Hydrogen produced by theelectrochemical water splitting is essential for expanding and utilizing renewable power sources and establishing a sustainable energy society. As renewable energy network widely established, the produced hydrogen can be utilized by connecting the energy demand and energy supply. The proton exchange membrane (PEM) water electrolyser technology is one of the ideal candidates for direct coupling with renewable energy sources. In recent years, bench-scale experiments, and computational fluid dynamics (CFD) simulation-based approaches are used to accelerate the advances in performance and cost of the technology. We studied the influence of the key performance parameter of a PEM water electrolyser, and a single channel-based three-dimensional CFD model was developed. The PEM water electrolyser CFD model is validated against in-house experiments, where the developed model successfully predicts the current–voltage polarization curve. The developed CFD model is then used to analyze the influence of temperature, cathode pressure, membrane thickness, porous transport layer porosity and water feed rate.
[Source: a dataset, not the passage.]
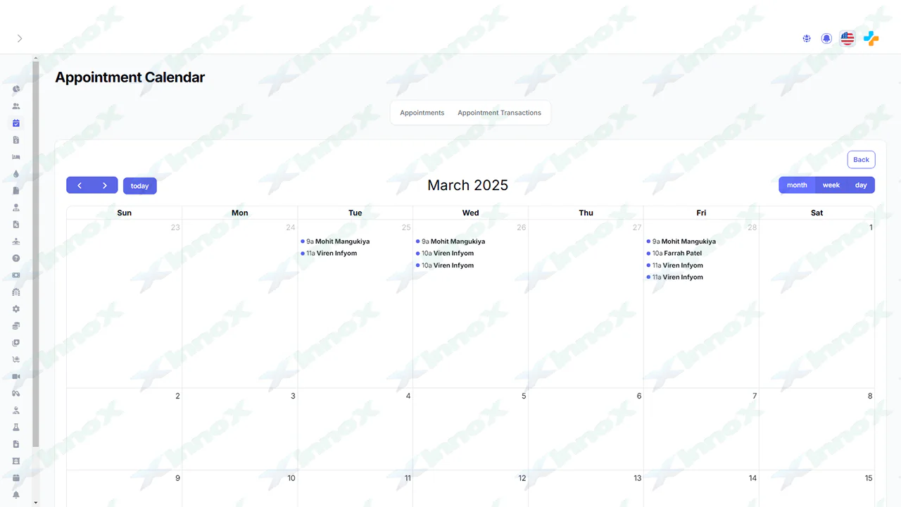Admin/Doctors/Patient will be able to see the list of appointments. Admin can see a list of all appointments. It also has support for the calendar view for appointments. You can see a list of appointments in the calendar form too.

The main observation from the numerical study was discussed to provide insight into the factors affecting the PEM water electrolyser performance.

Suggested Citation

  • Upadhyay, Mukesh & Kim, Ayeon & Paramanantham, SalaiSargunan S. & Kim, Heehyang & Lim, Dongjun & Lee, Sunyoung & Moon, Sangbong & Lim, Hankwon, 2022. "Three-dimensional CFD simulation of proton exchange membrane water electrolyser: Performance assessment under different condition," Applied Energy, Elsevier, vol. 306(PA).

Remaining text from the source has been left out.